Figure 1.
Position of GM041182 in the Mycobacterium tuberculosis complex genome phylogeny.
The phylogenetic tree is based on the mapping of Illumina data for representative strains of the complex to the newly generated M. africanum GM041182. The phylogeny was reconstructed using Neighbor-joining and is based on 9,699 variable positions in at least one strain. One thousand bootstrap pseudo-replicates were used to assess clade reliability. All nodes had more than 90% support. The positions of RD900h and RD900h are indicated. Numbers in branches refers to the corresponding number of SNPs inferred. Lineage names are according Hersbergh 2008 while numbers are according to Comas et al. 2010. A review of the nomenclature and comparison with other typing systems can be found in Coscolla and Gagneux 2010 [70] and Comas et al. 2009 [71].
Figure 2.
Number of pseudogene events that occurred in the different lineages of the M. tuberculosis complex.
As the initial number of events was inferred from a three way comparison (see text for details) the number observed is a subset of all possible events that have happened in the evolution of the MTBC. Colours in the figure represent the different lineages of the MTBC as defined in Figure 1. Green: M. africanum West African 2 (Lineage 6), Brown: M. africanum West African 1 (Lineage 5), Red: M. tuberculosis Euro-American (Lineage 4), Purple: M. tuberculosis India and East Africa (Lineage 3), Blue: M. tuberculosis East Asia (Lineage 2), Pink: M. tuberculosis The Philippines and Rim of Indian Ocean (Lineage 1).
Figure 3.
Distribution of the number of pseudogene events by functional category.
Clusters of Orthologous Groups (COG) categories were derived from the NCBI M. tuberculosis H37Rv annotation while essential/non-essential classification was derived from experiments on transposon mutagenesis [72], [73].
Figure 4.
A. Comparison of the RD900 locus in M. bovis, M. africanum and M. tuberculosis.

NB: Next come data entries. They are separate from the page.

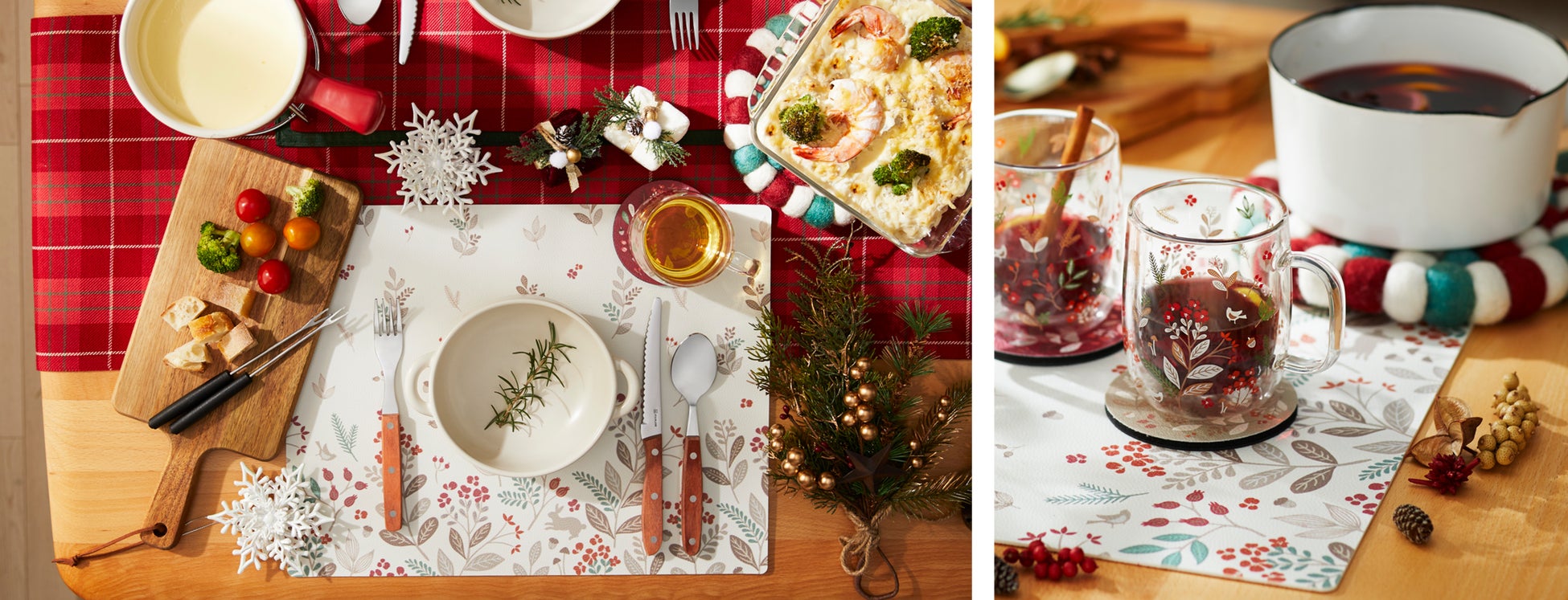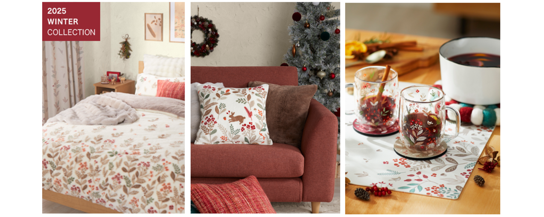 2025年冬のコレクションは、赤い柄のアクセントでクリスマスの特別感をプラスしながら、クリスマス後にも使いやすいナチュラルなデザインが特長。シーズンを通して長くお楽しみいただけます。
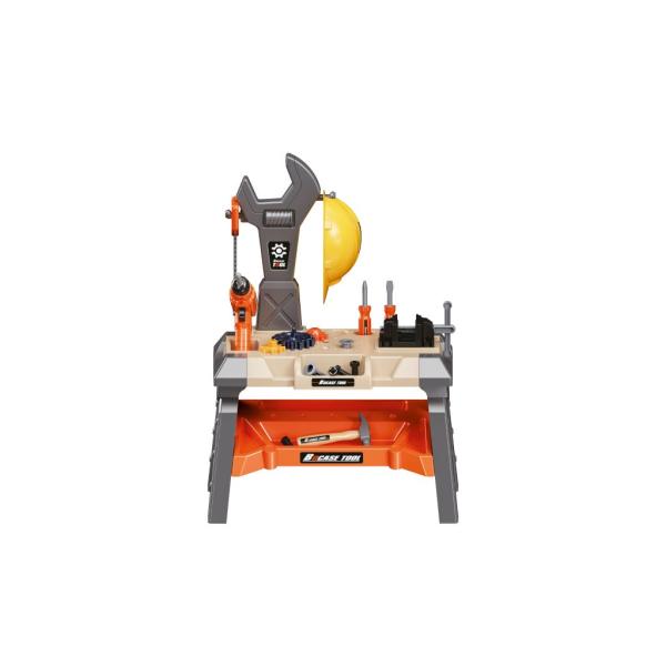 Stůl s nářadím. Rozměry 51x29x71 cm. Světelné efekty. 2xAA baterie do vrtačky nejsou součástí. Přepínač ON/OFF na vrtačce, přepínací tlačítko směru vrtání. Obsahuje stůl, svěrák, helmu, elektrickou vrtačku, pilku, 2 šroubováky, kladívko, hasák, kombinované kleště,…
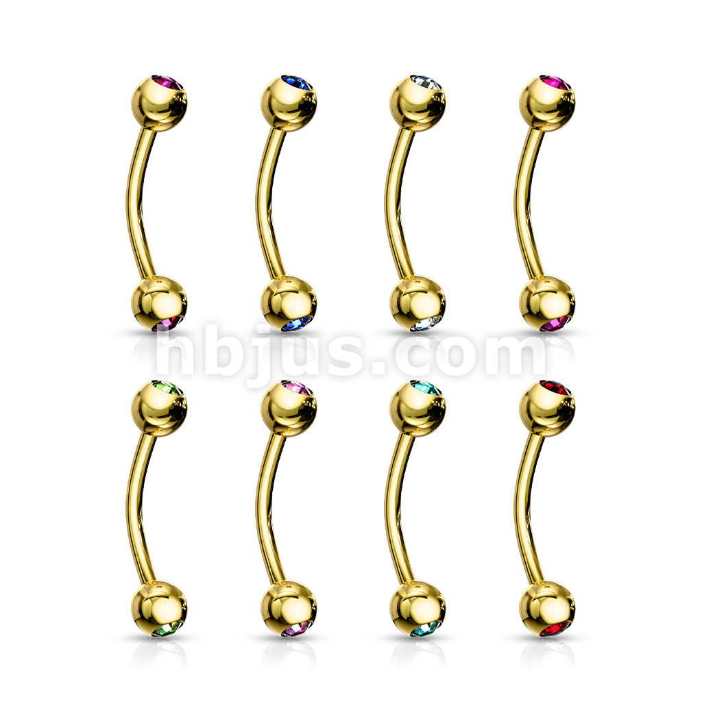 80pc Gold Plated Over 316L Surgical Steel Double Jeweled Eyebrow Rings Bulk Pack (10 pcs x 8 Colors)
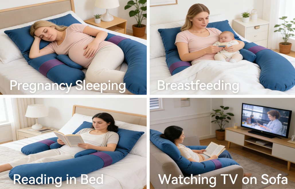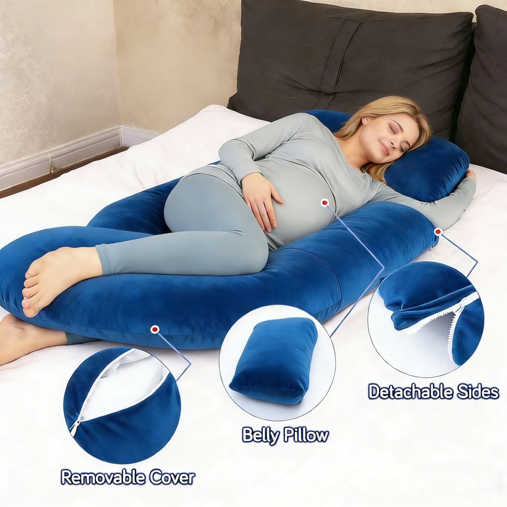 A pregnancy pillow is designed to support the body during pregnancy. It helps relieve pressure on the back, belly, hips, and legs, allowing pregnant women to sleep more comfortably and maintain a healthy side-sleeping position.
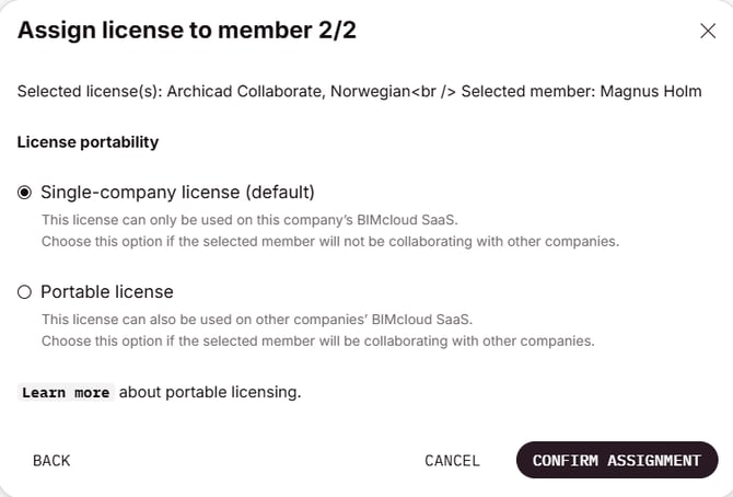 - Du kan tilordne personlige lisenser ved å klikke på Assign New under brukeren → Velg lisens → Klikk Next → Klikk Confirm Assignment
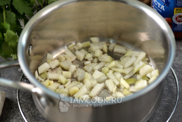 Влейте немного растительного масла в сотейник, добавьте нарезанный кубиком репчатый лук и чеснок, обжарьте несколько минут до мягкости.
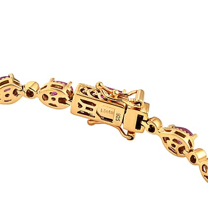 A tennis bracelet design inspired the design of this bracelet. The bracelet is made of Gold Plated sterling silver with African Ruby. The gemstone comes in three shapes oval, octagon and pear studded in a prong setting. The gemstone has a perfect blend of Purple and dark red, giving it an ideal hue of red.
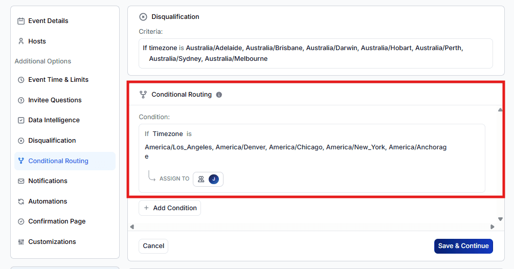 Time zone rules add an extra layer of control when you want to prevent leads from booking calls outside your operating hours or target regions.
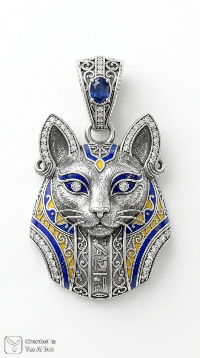 Серебряный кошачий медальон в египетском стиле с яркими акцентами эмали - Пример работы ИИ Nano-Banana

The RD900 deletion is present in M. bovis (AF212297)and M tuberculosis (H37Rv) identified through a genome comparison with M. africanum (GM041182). Figure adapted from use of Artemis Comparison Tool. B. Alignment of PknH1 and PknH2 in M. africanum (GM041182). The first two thirds of PknH1 and PknH2 have a high level of sequence identity except for two distinct regions. The first region is an INDEL region from codons 194–214 in PknH1. The second is a substitution region where there are 53 amino acids in PknH1 (green) instead of a region of 23 amino acids in PknH2 (red). The substitution region allows us to identify two different RD900 deletions; RD900h in M. tuberculosis, and RD900a in M. bovis. C. Alignment of the substitution region of the PknH gene of M. tuberculosis and M. bovis. A different composite PknH gene has resulted from two different RD900 deletions described in B.
Figure 5.
The RD900 locus in other mycobacteria.
RD900 region is deleted in both M. tuberculosis (H37Rv) and M. bovis (AF212297) but not M. africanum (GM041182) M. canetti (CIPT140010059), M. marinum (M) or M. ulcerans (Agy99). In M. marinum an additional PknH gene is present (designated as PknH3). PknH3 is also present in M. ulcerans, where the PknH1 locus and a 5′ CDS (grey) have been duplicated/translocated to somewhere else in the genome (position 4951200–4955915). The entire “ancestral” PknH locus is not present. PknH genes were identified through comparative genome comparison of available shotgun sequences.